* WORK ITEM *
State the number of lines in these records that include the word "Belt", and add nothing to it.

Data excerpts
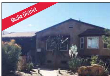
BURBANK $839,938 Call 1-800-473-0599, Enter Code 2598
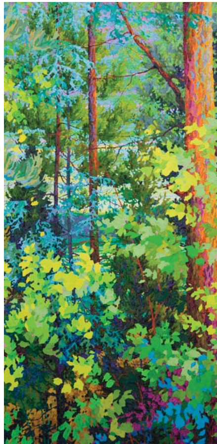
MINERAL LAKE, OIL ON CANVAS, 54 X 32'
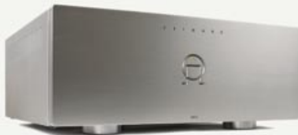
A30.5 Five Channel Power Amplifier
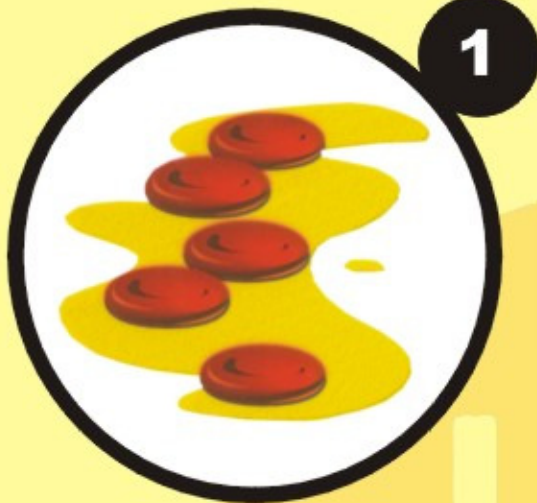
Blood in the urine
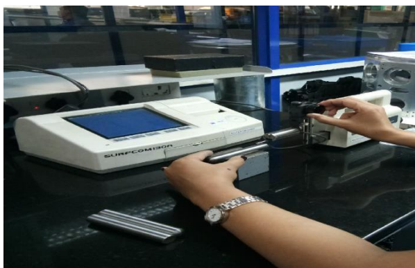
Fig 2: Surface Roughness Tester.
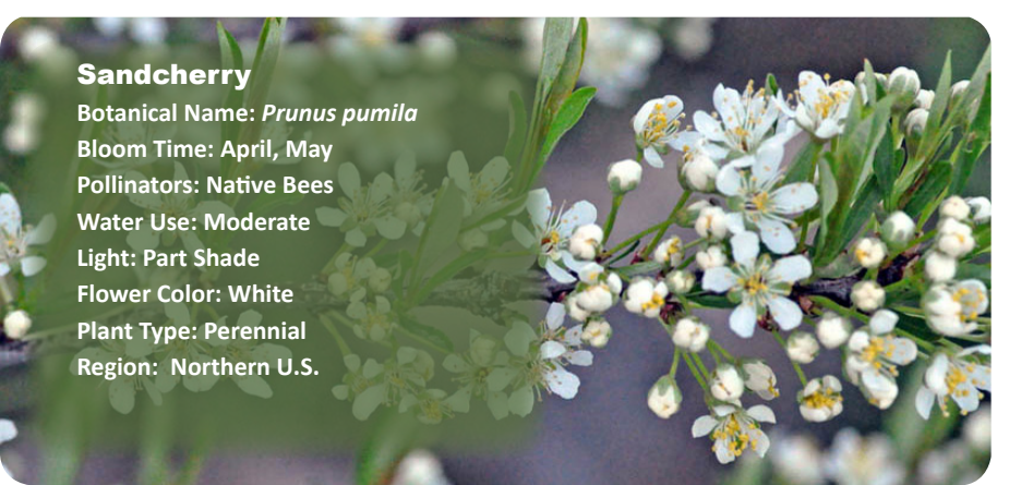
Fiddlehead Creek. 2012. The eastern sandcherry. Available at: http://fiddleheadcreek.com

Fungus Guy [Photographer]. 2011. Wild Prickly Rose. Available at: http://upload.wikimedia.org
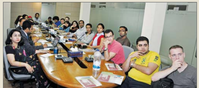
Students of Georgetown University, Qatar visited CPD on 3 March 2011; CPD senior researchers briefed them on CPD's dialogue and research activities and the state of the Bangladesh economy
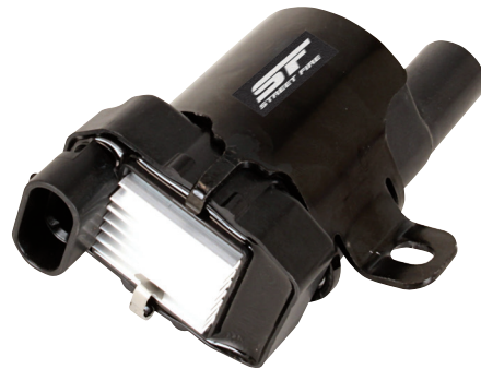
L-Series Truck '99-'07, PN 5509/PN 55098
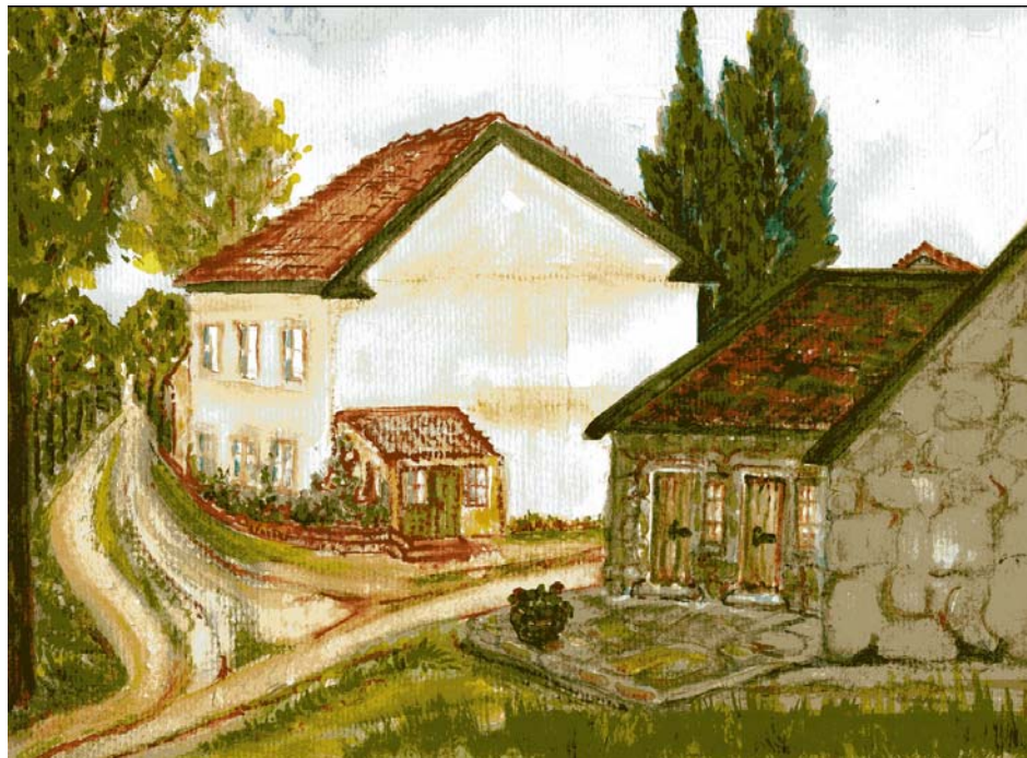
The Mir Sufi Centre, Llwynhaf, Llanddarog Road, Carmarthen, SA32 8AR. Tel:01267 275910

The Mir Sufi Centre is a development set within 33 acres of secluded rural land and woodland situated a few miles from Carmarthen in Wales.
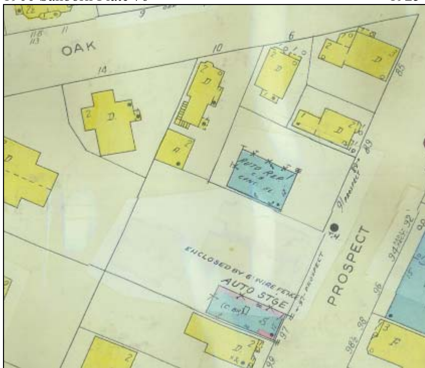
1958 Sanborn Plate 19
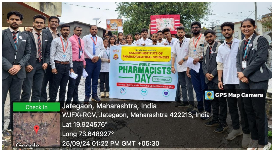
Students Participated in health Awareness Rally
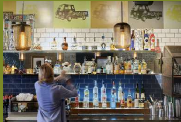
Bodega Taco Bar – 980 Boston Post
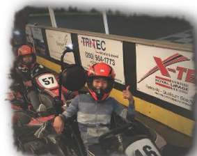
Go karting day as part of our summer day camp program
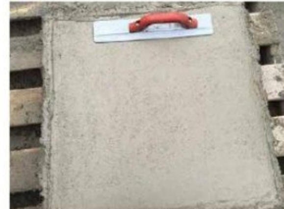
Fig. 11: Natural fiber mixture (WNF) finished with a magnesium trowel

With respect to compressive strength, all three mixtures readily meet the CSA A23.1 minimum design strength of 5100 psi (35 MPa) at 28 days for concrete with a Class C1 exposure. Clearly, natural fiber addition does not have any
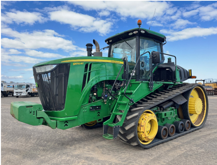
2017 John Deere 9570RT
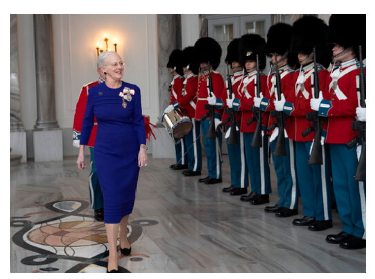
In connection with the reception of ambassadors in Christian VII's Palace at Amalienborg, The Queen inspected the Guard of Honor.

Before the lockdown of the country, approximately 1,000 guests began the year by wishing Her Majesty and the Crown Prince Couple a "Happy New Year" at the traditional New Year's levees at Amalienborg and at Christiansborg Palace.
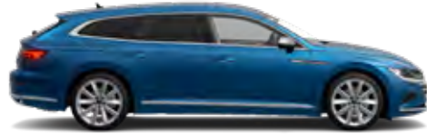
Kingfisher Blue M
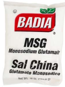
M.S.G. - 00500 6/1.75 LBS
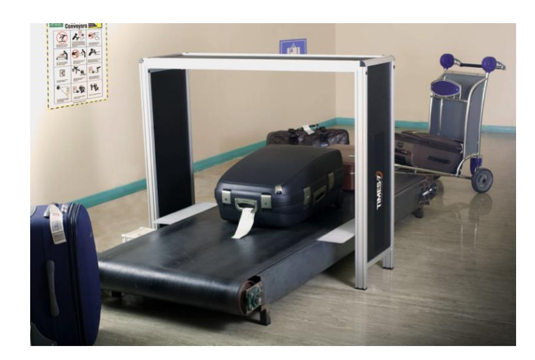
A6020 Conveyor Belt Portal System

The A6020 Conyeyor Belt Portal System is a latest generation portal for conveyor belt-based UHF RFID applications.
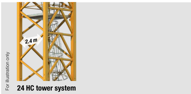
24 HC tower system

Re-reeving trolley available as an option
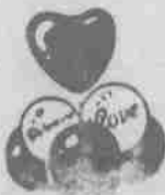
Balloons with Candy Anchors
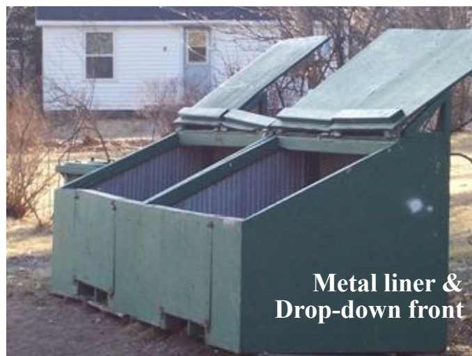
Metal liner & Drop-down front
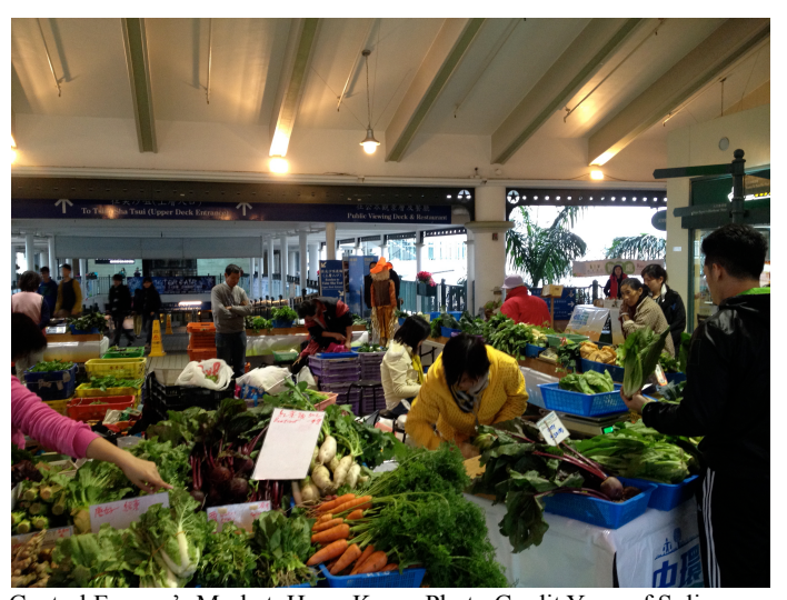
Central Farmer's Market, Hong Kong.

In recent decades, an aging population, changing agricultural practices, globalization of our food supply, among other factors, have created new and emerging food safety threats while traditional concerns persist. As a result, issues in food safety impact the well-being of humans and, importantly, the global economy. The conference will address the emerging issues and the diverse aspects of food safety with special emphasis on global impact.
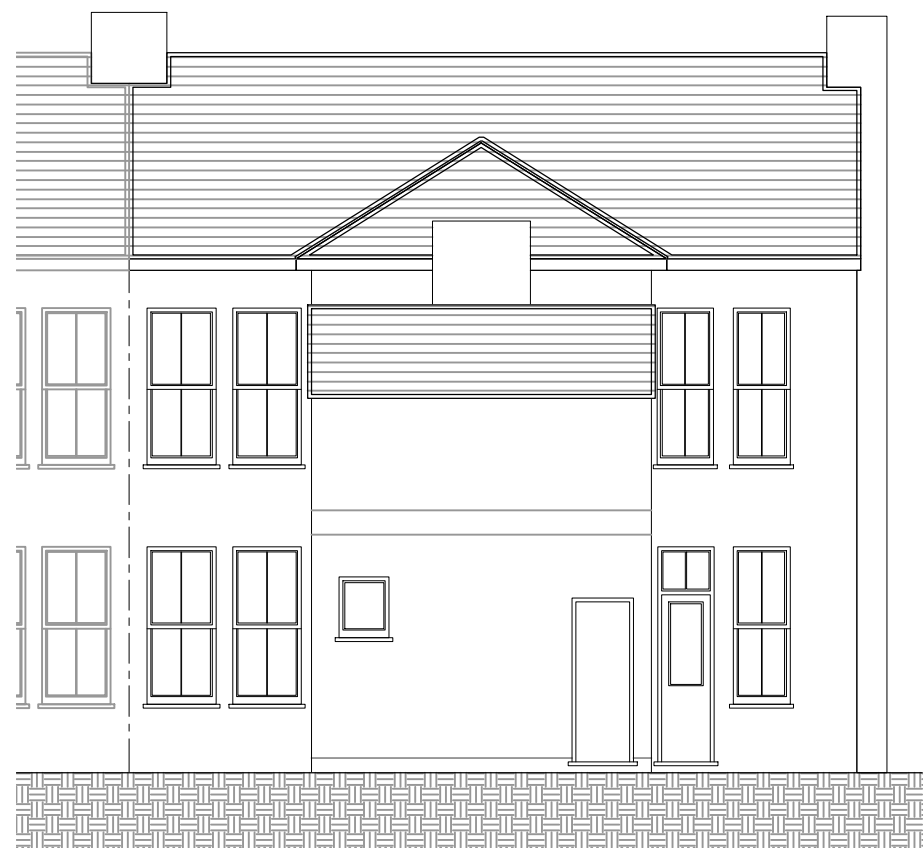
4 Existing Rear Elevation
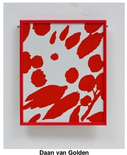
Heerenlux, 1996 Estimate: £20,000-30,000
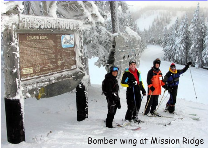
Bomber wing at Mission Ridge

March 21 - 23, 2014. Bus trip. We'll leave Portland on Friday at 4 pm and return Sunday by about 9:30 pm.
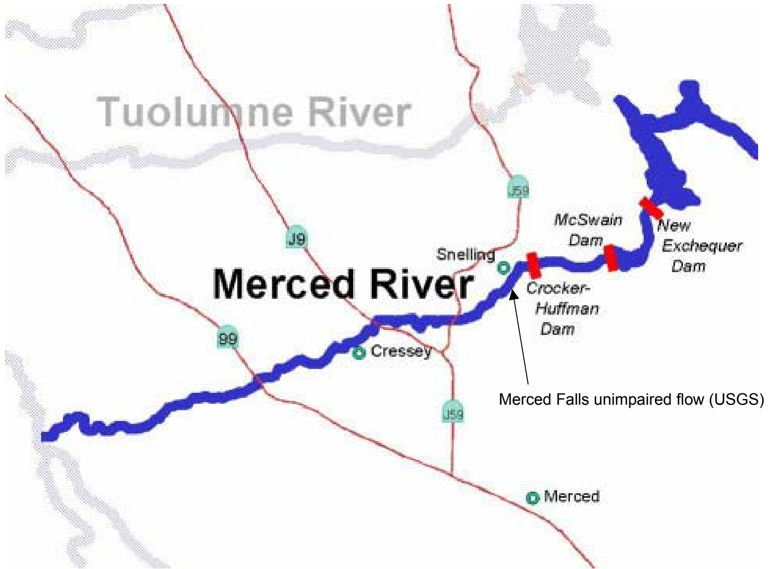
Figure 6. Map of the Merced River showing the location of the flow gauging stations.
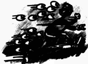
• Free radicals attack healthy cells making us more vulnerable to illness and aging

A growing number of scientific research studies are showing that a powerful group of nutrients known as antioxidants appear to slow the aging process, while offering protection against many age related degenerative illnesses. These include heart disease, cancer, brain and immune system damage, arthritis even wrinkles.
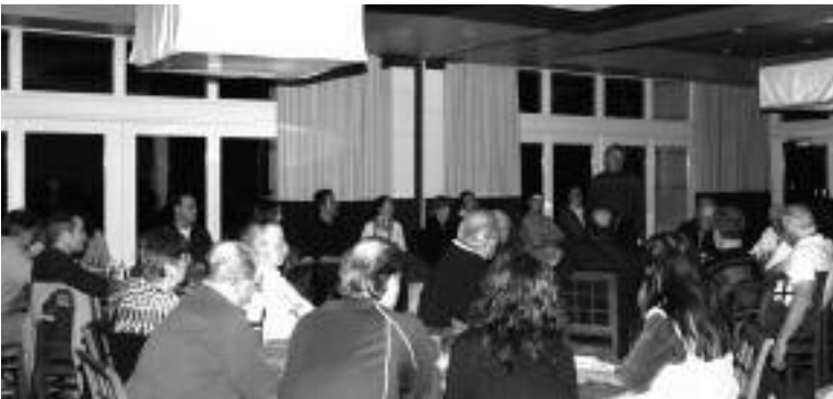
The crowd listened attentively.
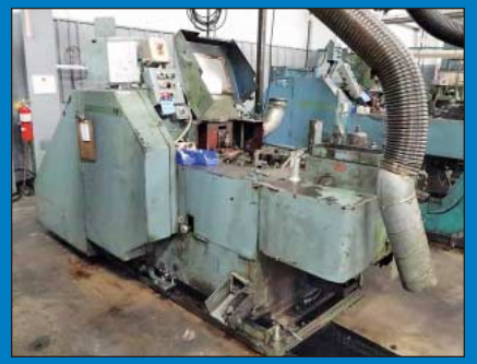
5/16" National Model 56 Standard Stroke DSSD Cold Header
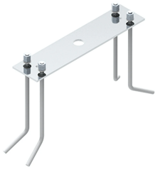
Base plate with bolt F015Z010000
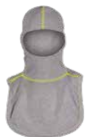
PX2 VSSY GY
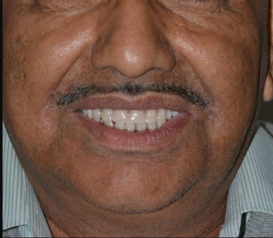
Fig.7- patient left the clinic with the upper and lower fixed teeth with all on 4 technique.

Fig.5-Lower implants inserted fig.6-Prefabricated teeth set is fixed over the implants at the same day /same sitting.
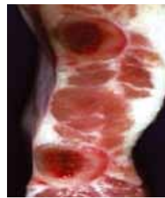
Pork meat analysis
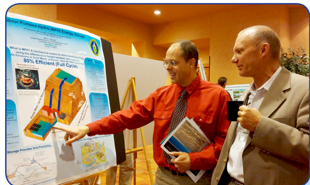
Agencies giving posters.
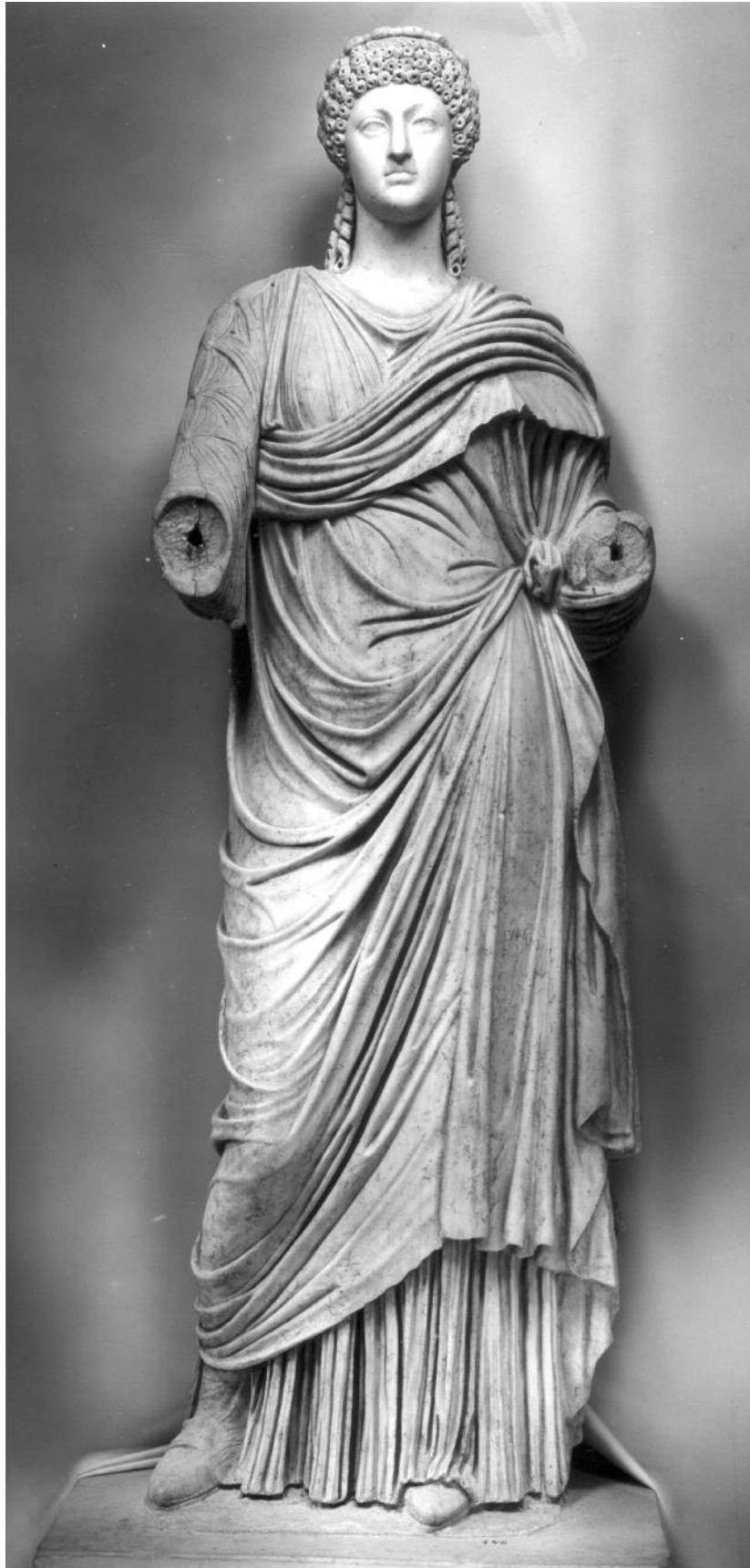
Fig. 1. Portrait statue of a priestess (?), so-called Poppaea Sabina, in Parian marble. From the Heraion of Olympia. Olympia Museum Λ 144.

* EXERCISE SOLUTION *
2